Dj rupture andy moor patches megaupload
Improvised live, you can hear ideas being explored with quick-reflexes and the sensitivity of musicians who listen, using silence as a compositional tool. Occasionally they veer into total free improvisation, with Rupture conjuring up extraordinarily obnoxious sounds purely from vinyl manipulation and Moor making his guitar sound like it's strung with highly charged telephone cables - but somehow they always manage to keep a central pulse going and never seem to lose their way.
Patches cooks up an unlikely stew of Kenyan kipsigis singing girls from the 50s and scratching discordant guitar and Diana Ross. Timeblind's dubstep beats, Varese, and Japanese noise meet with big crunchy whammy chords.
Newer Post Older Post Home. Subscribe to: Post Comments Atom. In they released an album on Sub Rosa. Check out their video from Tangiers, Morocco. Rupture does duo performances with guitarist Andy Moor The Ex. Sign up for the monthly email list.
Pingback: wayneandwax. These moments feel like an unusually arty Girl Talk set, and are balanced by a ton of stealthy samples I'm helpless to identify. The vibe is persistently chilly, the terrain merciless-- even when Moor sets controls for the heart of the sun, as on the riff-heavy "The Sheep Look Up", he can't thaw Rupture's unforgiving tundra. Some tracks are spectral and nebulous, like the watery, de-tuned "Tidal".
The riddim-oriented ones are better-- on "Chisanga", Moor's string-bent squiggles gradually flatten out into a hitching riff, which Rupture surrounds with a phalanx of strafing drums. But the ones where they truly mind-meld, rather than Rupture chasing after Moor's riffs with periphery-bound FX, are best.
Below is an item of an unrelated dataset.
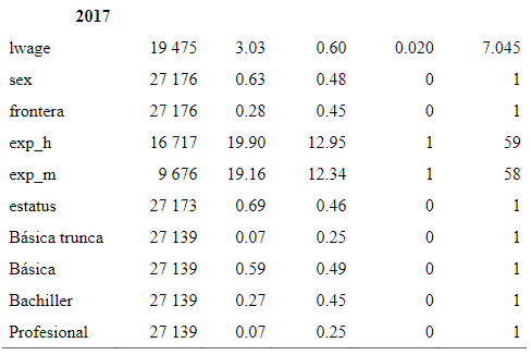El estudio empírico se enfoca en la frontera norte y en el resto del país, donde el primero suma la población trabajadora de las seis entidades federativas a lo largo de la franja fronteriza colindante con Estados Unidos, la cual contribuye con más del 30 por ciento del Producto Interno Bruto del sector manufacturero en su conjunto en México. Durante los años 2005 al 2017 el sector dio trabajo al 34 por ciento de los ocupados en la región, de acuerdo de las bases de datos de la ENOE ( Inegi, 2005 al 2017 ).

On "Hot Pink Orleans", mercury-slick sonar blips, pinging whammy-barred guitars, and scudding bass amass into a well-balanced dubstep apparatus. On "Sometimes It Can Be Difficult To", nervous guitar skitters, nervous scratches, and reverbed snares build into something resembling a terrible car crash. Nettle's work foregrounds issues of friction, translation, and displacement as necessary counter-narratives to the standard paradigms of 'cross-cultural exchange' and metaphors of mixing or hybridity.
Jace Clayton is an interdisciplinary artist living in Brooklyn. His album Uproot was named one of the 10 Best Albums of by Pitchfork.